Impaired neurogenesis in embryonic spinal cord of Phgdh knockout mice, a serine deficiency disorder model

Mutations in the d-3-phosphoglycerate dehydrogenase (PHGDH; EC 1.1.1.95) gene, which encodes an enzyme involved in de novo l-serine biosynthesis, are shown to cause human serine deficiency disorder. This disorder has been characterized by severe neurological symptoms including congenital microcephaly and psychomotor retardation.
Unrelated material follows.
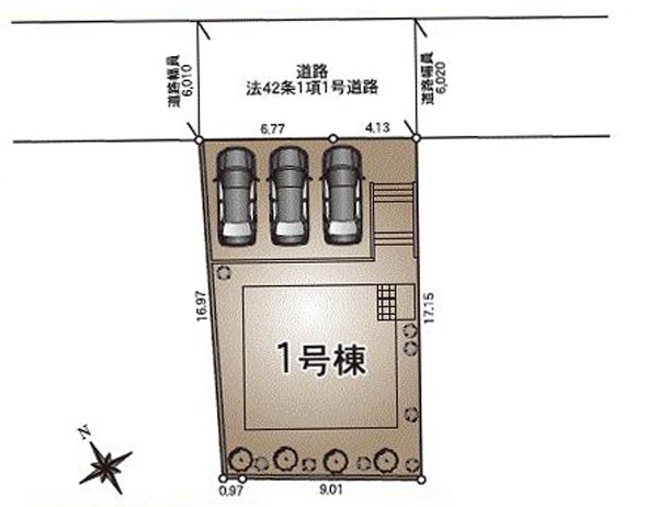 | 駐車場 | 3台 | 道路の幅員 | :北6m |

Our previous work demonstrated that targeted disruption of mouse Phgdh leads to a marked decrease in serine and glycine, severe growth retardation of the central nervous system, and lethality after embryonic day 13.5. To clarify how a serine deficiency causes neurodevelopmental defects, we characterized changes in metabolites, gene expression and morphological alterations in the spinal cord of Phgdh knockout mice. BeadChip microarray analysis revealed significant dysregulation of genes involved in the cell cycle. Ingenuity Pathway Analysis also revealed a significant perturbation of regulatory networks that operate in the cell cycle progression. Moreover, morphological examinations of the knockout spinal cord demonstrated a marked deficit in dorsal horn neurons. Radial glia cells, native neural stem/progenitor cells, accumulated in the dorsal ventricular zone, but they did not proceed to a G₀-like quiescent state. The present integrative study provides in vivo evidence that normal cell cycle progression and subsequent neurogenesis of radial glia cells are severely impaired by serine deficiency.